Francesc de Carreras en La Vanguardia 4/8/2012

El plan Mas. CiU y su Govern están tan desconcertados que no sólo desconciertan a los demás: también a ellos mismos… Todos saben que el concierto es inalcanzable, no sólo por no tener cabida en la Constitución sino porque carece de justificación razonable. Más que el Estatut bis, como se ha dicho, el concierto será el plan Ibarretxe bis, en este caso el plan Mas.

La impresión es que CiU y su Govern están tan desconcertados que no sólo desconciertan a los demás sino también a ellos mismos y a sus votantes. Uno pensaba que igual que en otras ocasiones los mensajes patrióticos de grueso calibre se irían modulando en contraste con la realidad. El president Jordi Pujol fue en ello un maestro. Artur Mas parecía un buen discípulo, incluso aventajado: con menos carisma y liderazgo pero con mejor preparación técnica y capacidad de gestión.

Todo indica que estábamos equivocados: el camino hacia el concierto fiscal al modo vasco se ha emprendido en el Parlament con el único apoyo de los partidos nacionalistas y con el significativo rechazo del PSC, partido que Mas consideraba fundamental para llegar a un buen fin. Todos saben que el concierto es inalcanzable, no sólo por no tener cabida en la Constitución sino porque carece de justificación razonable. Más que el Estatut bis, como se ha dicho, el concierto será el plan Ibarretxe bis, en este caso el plan Mas.
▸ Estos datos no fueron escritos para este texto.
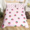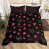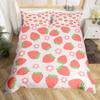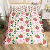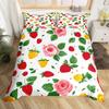 Cute Strawberry Duvet Cover Full King,Flower Leaves Tropical Fruit Bedding Set,Garden Rustic Plants Watercolor Chic Quilt Cover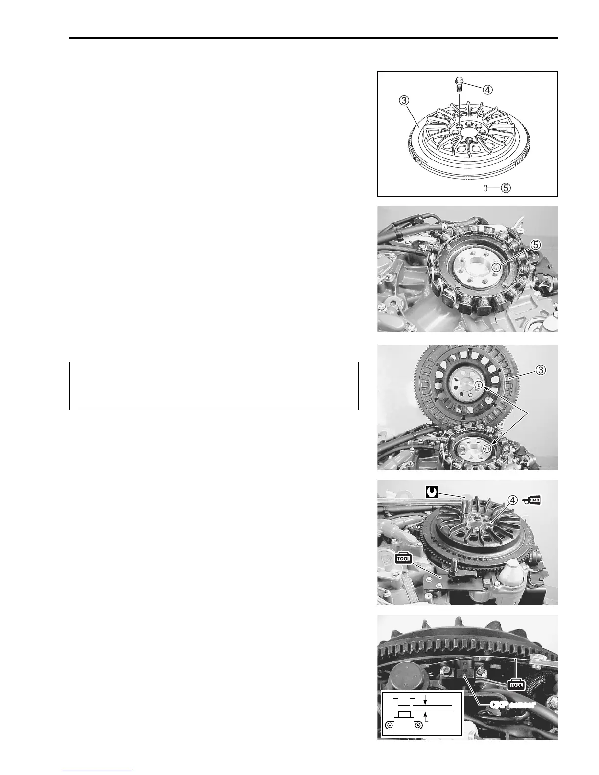 • Apply THREAD LOCK “1342” to flywheel bolts

Se ha dado un gran salto al vacío. Con toda seguridad, en el Congreso la propuesta del Parlament será rechazada. A Artur Mas sólo le quedará seguir con la segunda etapa de su plan: la independencia. Qué hará: ¿la proclamará en el Parlament, convocará un referéndum ilegal, pedirá al Gobierno que convoque uno legal? Artur Mas ha entrado en el terreno de lo desconocido, según decía él mismo. Ibarretxe creo que está dando clases en Estados Unidos y ya nadie se acuerda de él. ¿O quiere ser Mas el Companys del 6 de octubre de 1934? De momento convoca a sus altos cargos tratándoles de “generales de un ejército” que debe “cambiar la historia”, vivir “los momentos más difíciles”, enfrentarse a “los peores obstáculos para gobernar que se ha encontrado nunca ningún gobierno”.

Pero tras la poesía viene la prosa: el panorama en el partido y en el Govern es desolador. El caso Millet apunta a que CiU estaba detrás de todo el asunto; unas ilegales concesiones a empresas de ITV parece que están salpicando judicialmente a Oriol Pujol; las cuentas que no cuadran en la gestión de varios hospitales también implican a altos cargos convergentes. En cuanto al Govern, la situación financiera es crítica: el impago de nóminas en centros sanitarios y asistenciales desmiente que se hayan hecho bien los deberes. ¿Alguien, excepto los irreductibles, cree todavía que toda la culpa debe atribuirse a Madrit?

Porque, encima, se saca pecho en Madrid. La no asistencia del conseller Andreu Mas-Colell al Consejo de Política Fiscal y Financiera es un gesto inútil y desleal cuando en Europa se está pendiente de la capacidad de España (que, por ahora, incluye a Catalunya) para tomar medidas que la hagan acreedora de confianza.

Artur Mas parecía un político serio y competente. Parecía. Se está convirtiendo en un político populista, no sé si a pesar suyo.